## [YOUR OBJECTIVE]
Reproduce exactly only the lines from the line that holds "Brighten little one's" to the line that holds "ダンパー交換により勢い良く最上部まで跳ね上がったバックドア", inclusive, in the listing below, and please leave out every picture.

[Opening INPUT DATA section]

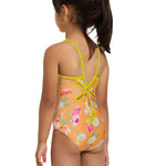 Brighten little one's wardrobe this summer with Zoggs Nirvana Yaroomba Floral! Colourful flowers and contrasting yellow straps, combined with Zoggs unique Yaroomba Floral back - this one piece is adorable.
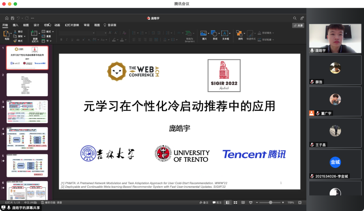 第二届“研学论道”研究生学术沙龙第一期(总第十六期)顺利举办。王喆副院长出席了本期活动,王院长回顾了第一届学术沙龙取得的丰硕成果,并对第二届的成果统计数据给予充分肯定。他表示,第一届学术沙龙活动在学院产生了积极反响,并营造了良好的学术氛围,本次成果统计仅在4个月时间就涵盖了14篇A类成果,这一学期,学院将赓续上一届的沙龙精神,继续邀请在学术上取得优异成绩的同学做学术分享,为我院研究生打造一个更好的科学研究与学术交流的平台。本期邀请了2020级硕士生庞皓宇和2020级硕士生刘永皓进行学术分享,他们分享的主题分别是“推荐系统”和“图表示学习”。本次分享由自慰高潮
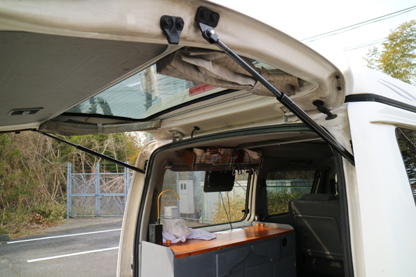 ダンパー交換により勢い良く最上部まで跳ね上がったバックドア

[Closing INPUT DATA section]
[Opening INPUT DATA section]

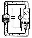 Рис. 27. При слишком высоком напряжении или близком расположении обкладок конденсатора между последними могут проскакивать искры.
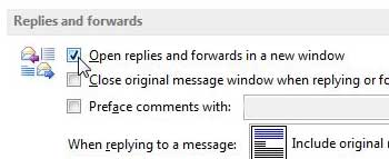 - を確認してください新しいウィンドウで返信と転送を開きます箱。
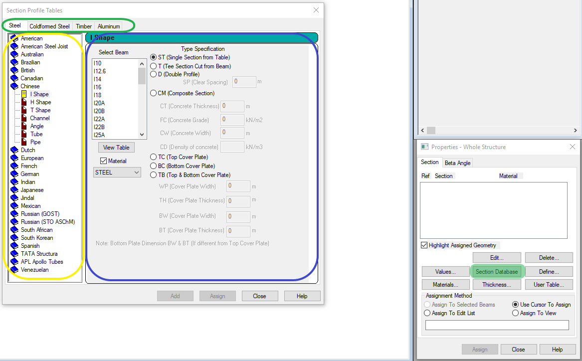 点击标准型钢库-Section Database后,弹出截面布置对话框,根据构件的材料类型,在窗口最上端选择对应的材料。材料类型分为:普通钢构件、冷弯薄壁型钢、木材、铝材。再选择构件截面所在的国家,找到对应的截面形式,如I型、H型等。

[Closing INPUT DATA section]

## [ANSWER SPACE]
 Brighten little one's wardrobe this summer with Zoggs Nirvana Yaroomba Floral! Colourful flowers and contrasting yellow straps, combined with Zoggs unique Yaroomba Floral back - this one piece is adorable.
 第二届“研学论道”研究生学术沙龙第一期(总第十六期)顺利举办。王喆副院长出席了本期活动,王院长回顾了第一届学术沙龙取得的丰硕成果,并对第二届的成果统计数据给予充分肯定。他表示,第一届学术沙龙活动在学院产生了积极反响,并营造了良好的学术氛围,本次成果统计仅在4个月时间就涵盖了14篇A类成果,这一学期,学院将赓续上一届的沙龙精神,继续邀请在学术上取得优异成绩的同学做学术分享,为我院研究生打造一个更好的科学研究与学术交流的平台。本期邀请了2020级硕士生庞皓宇和2020级硕士生刘永皓进行学术分享,他们分享的主题分别是“推荐系统”和“图表示学习”。本次分享由自慰高潮
 ダンパー交換により勢い良く最上部まで跳ね上がったバックドア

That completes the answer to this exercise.